Moore, a U.S. Army chaplain who runs a program called Frontline Ministries, is the author of a 2002 book, “Let My Children Go: Why Parents Must Remove Their Children from Public Schools.”

He has written and spoken extensively in recent years about how increasingly secular public schools are harmful for Christian children because they push a secular worldview and deny Christians their rights to express their religious beliefs.
I guess I needn't tell you who popped up via satellite to sponge up a little love from the base:
Laura and I are also thankful for your prayers. I have felt them at crucial hours. Your convention has a proud tradition going back to your first gathering in Augusta, Georgia almost 160 years ago. You represent more than 16 million Southern Baptists and congregations all across our country, and many others who serve as missionaries far from home. And all of you are living out the high-calling of spreading the good news and proclaiming the Kingdom of God . . . .

Last November, I signed a law to end the brutal practice of partial-birth abortion. (Applause.) This law is not only valid and constitutional, it is compassionate and urgently needed, and my administration will fight to uphold it. (Applause.)

We will also continue our support for crisis pregnancy centers, incentives for adoption and parental notification laws. I propose to double federal funding for abstinence programs in schools and community-based programs. (Applause.) And I will work with Congress to pass a comprehensive and effective ban on human cloning. (Applause.) Life is a creation of God, not a commodity to be exploited by man. (Applause.)

My administration is defending the sanctity of marriage against activist courts and local officials who want to redefine marriage forever. (Applause.) The union of a man and woman is the most enduring human institution, honored and encouraged in all cultures and by every religious faith. And government, by strengthening and protecting marriage, serves the interests of all. So I am calling for funding for healthy marriage programs, and I support a constitutional amendment to protect marriage as a union of a man and a woman. (Applause.)

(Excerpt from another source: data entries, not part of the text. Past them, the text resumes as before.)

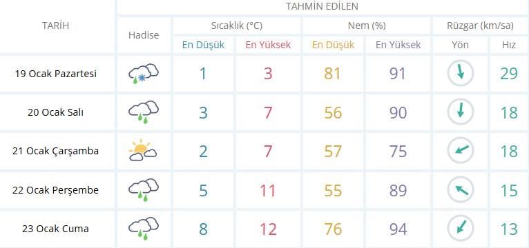 Yağışlı hava etkisini sürdürecek. Sıcaklıklar 3 ile 7 derece arasında seyredecek. Yüksek nem ve rüzgâr nedeniyle hissedilen sıcaklık -4,2 derece olacak.
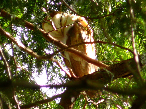 Barn Owl being warmed by the sun, in a cedar near the windmill
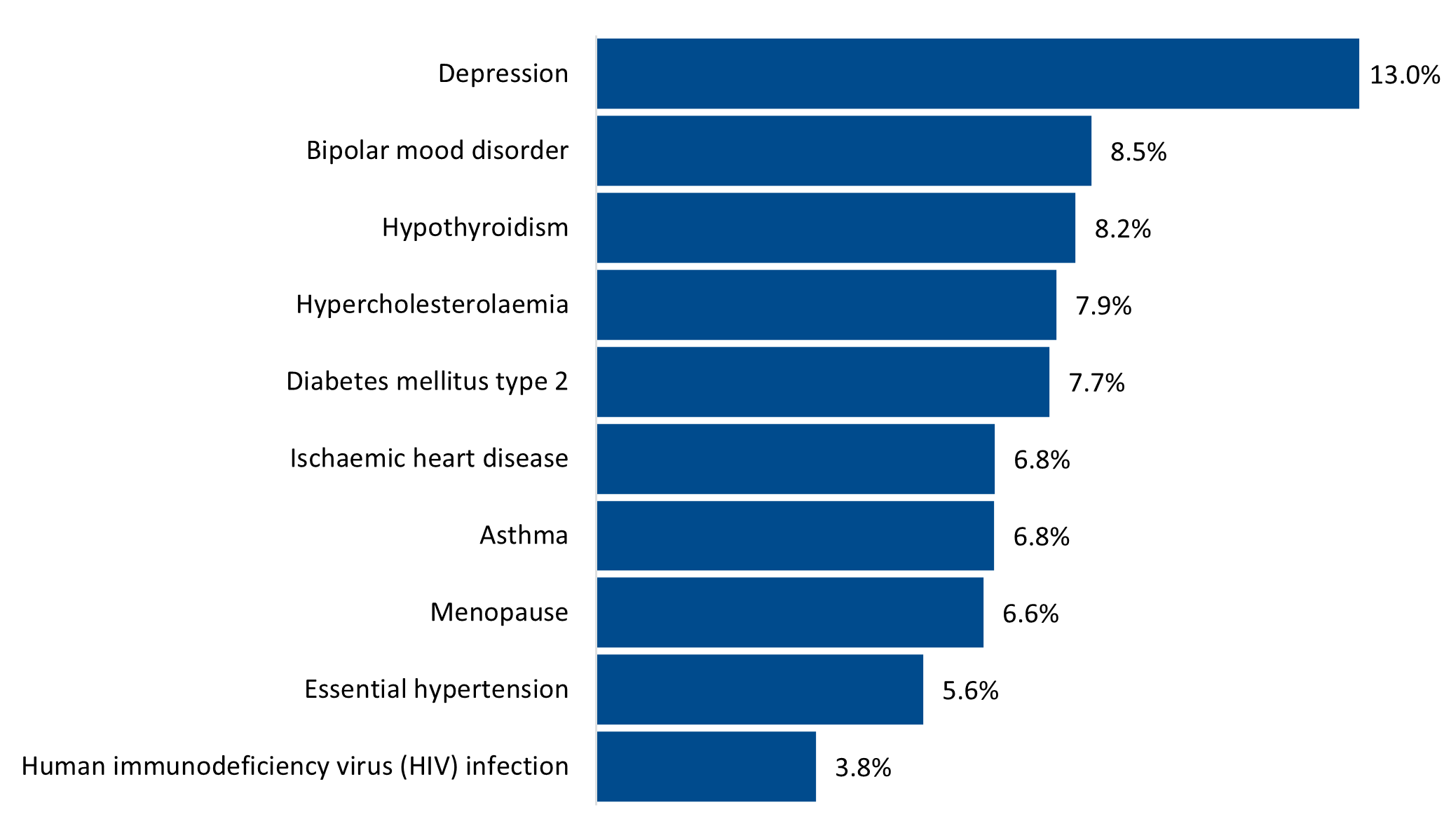 Figure 7: Prevalence of mental health conditions in the chronic vs non‑chronic population
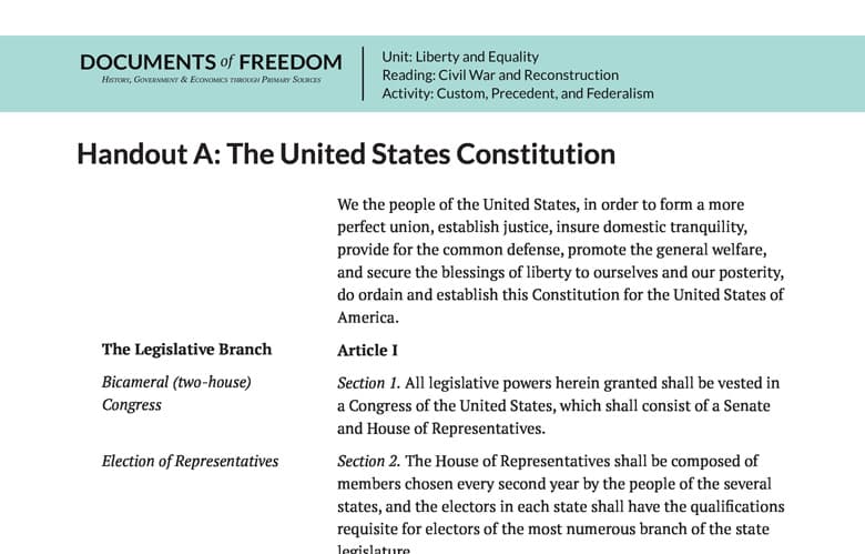 Handout A: The United States Constitution – Civil War and Reconstruction
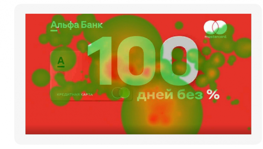 Здесь все, о чем может только мечтать рекламодатель: внимание уделяется названию банка, его логотипу и уникальности предложения. Но вот еще один интересный момент — на тепловой карте мы видим фокус внимания на слове «дней». Это значит, респонденты не просто скользили взглядом, а вникли в предложение.
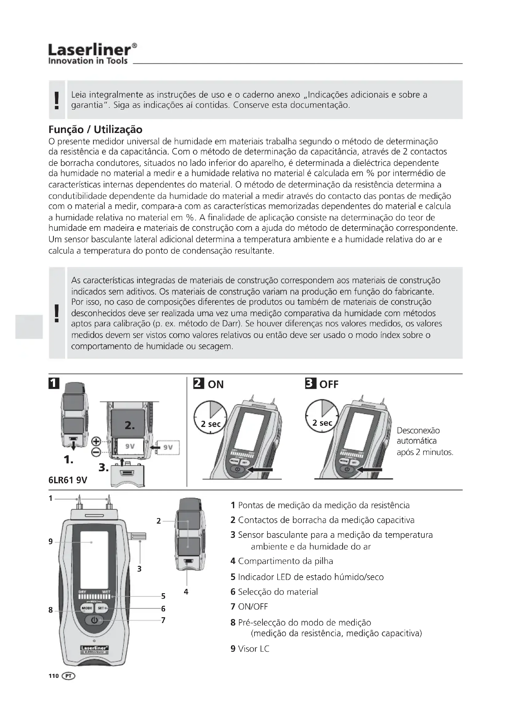 Função / Utilização O presente medidor universal de humidade em materiais trabalha segundo o método de determinação da resistência e da capacitância. Com o método de determinação da capacitância, através de 2 contactos de borracha condutores, situados no lado inferior do aparelho, é determinada a dieléctrica dependente da humidade no material a medir e a humidade relativa no material é calculada em % por intermédio de características internas dependentes do material. O método de determinação da resistência determina a condutibilidade dependente da humidade do material a medir através do contacto das pontas de medição com o material a medir, compara-a com as características memorizadas dependentes do material e calcula a humidade relativa no material em %. A Ö nalidade de aplicação consiste na determinação do teor de humidade em madeira e materiais de construção com a ajuda do método de determinação correspondente. Um sensor basculante lateral adicional determina a temperatura ambiente e a humidade relativa do ar e calcula a temperatura do ponto de condensação resultante. Leia integralmente as instruções de uso e o caderno anexo „Indicações adicionais e sobre a garantia“. Siga as indicações aí contidas. Conserve esta documentação.
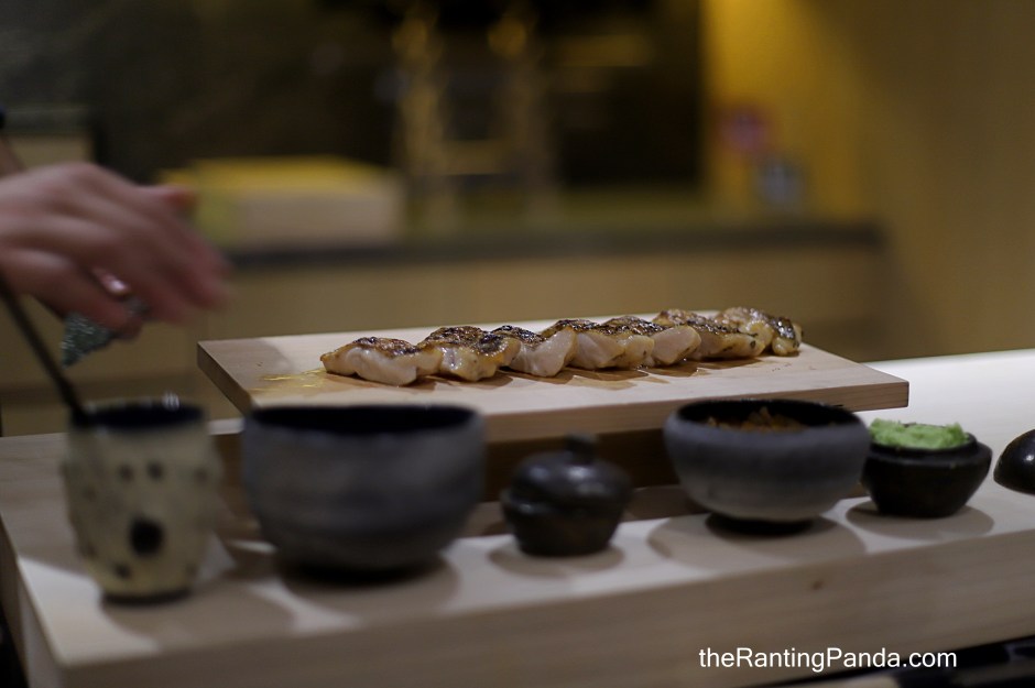 A Handroll Nodogoro “Benihitomi” is up next, where you get Grilled Nodoguro, or blackthroat sea perch grilled over the binchotan with sushi rice and homemade diced narazuke (pickled winter melon in sake and mirin) wrapped in a la minute-toasted nori sheet topped with freshly-grated wasabi.

I will continue our efforts to defend the liberty of religious organizations. Faith-based charities have a right to provide publicly-funded social services, just like any other group. You see, our government should welcome faith. So I have signed an executive order allowing religious charities who seek government support to compete for funding on a level playing field. I call on Congress to codify my faith-based initiative into law, so that people of faith can know government will never discriminate against them again. (Applause.)
Bold stance on cloning there, by the way. I know it's mental-defective code for stem-cell research, but really: is there anyone out there trying to pass pro-cloning legislation?